The Committee Victory That Wasn’t Enough
Earlier in May, advocates for digital assets celebrated what appeared to be a highly significant milestone. The Senate Banking Committee successfully advanced the CLARITY Act, pushing the legislation out of the committee phase and onto the wider congressional stage. However, this initial victory came with massive caveats. The bill was advanced despite fierce opposition from numerous Democratic lawmakers and powerful banking industry groups.
Jaret Seiberg, the managing director at TD Cowen’s Washington Research Group, pointed out that while the committee vote successfully moved the debate to the full Senate floor, it absolutely did not signal that a functional bipartisan deal had been reached.
The Conflict-of-Interest Roadblock
As the bill heads toward the broader Senate, the surrounding political environment is rapidly deteriorating. According to Seiberg’s analysis, the single largest obstacle preventing broader support is the glaring absence of stringent conflict-of-interest provisions.
Many Democratic lawmakers have drawn a hard line in the sand, stating they simply cannot support any digital asset market structure bill without additional ethical safeguards firmly attached. A group of lawmakers has proposed a set of laws to curb the potential for government employees and regulators to receive private benefits from their oversight duties concerning digital assets. These provisions would help facilitate the development of a bipartisan agreement on legislation to govern such assets.

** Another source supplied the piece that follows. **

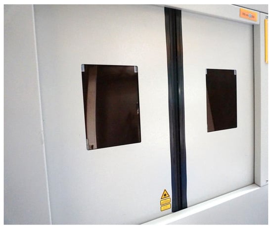 The second setup with the Coherent laser was selected for further measurements because of the distinctive features of the 2 mm steel protection housing. It has an opening station comprising two doors with windows made of PMMA polymer covered by a thin aluminum layer (see Figure 9). Additionally, in a small slit region where the two doors join when closed, rubber material without any additional steel or aluminum layers is located. In this region, transmission of X-ray radiation is much less suppressed when compared to the surrounding steel protection housing.

A Cloud of Controversy at the CFTC
The legislative resistance has recently been amplified by a highly publicized media investigation. A report from The New York Times leveled serious allegations against the Commodity Futures Trading Commission (CFTC)—the exact government agency that the CLARITY Act would empower to oversee digital commodities.
The report alleged that experienced agency staff were intentionally sidelined to make the CFTC more favorable toward cryptocurrency and prediction market interests. While CFTC Chair Michael Selig strongly denied the claims, insisting the agency is solely focused on addressing major wrongdoing, the unconfirmed allegations have provided skeptics with even more ammunition, making the bill a much harder vote for undecided politicians.
The Republican Reluctance to Force a Vote
The ethical debates are also causing hesitation on the other side of the political aisle. Seiberg noted that Republican leaders may grow increasingly reluctant to bring the CLARITY Act to a full floor vote.
If the bill hits the Senate floor, Republicans will likely be forced to publicly vote on the highly controversial conflict-of-interest amendments proposed by Democrats. Rather than navigate that messy political minefield during a sensitive election cycle, lawmakers on both sides of the aisle may quietly choose to wait. As a result, this changing atmosphere is likely to leave the key law unfinished as we finish out the second half of 2026.
A Closing Window and the Road to 2027
Time is rapidly running out for the cryptocurrency industry’s biggest legislative hope. TD Cowen noted that the only viable window for passing the CLARITY Act likely extends up to the congressional recess in August.If the legislation is delayed beyond that critical point, the upcoming midterm election cycle will leave virtually no room for further debate. A failure to act before the recess could push the final passage of the bill all the way to 2027. Consequently, the actual implementing rules that the industry desperately needs might not take full effect until 2029, leaving the American digital asset market in a prolonged state of regulatory purgatory.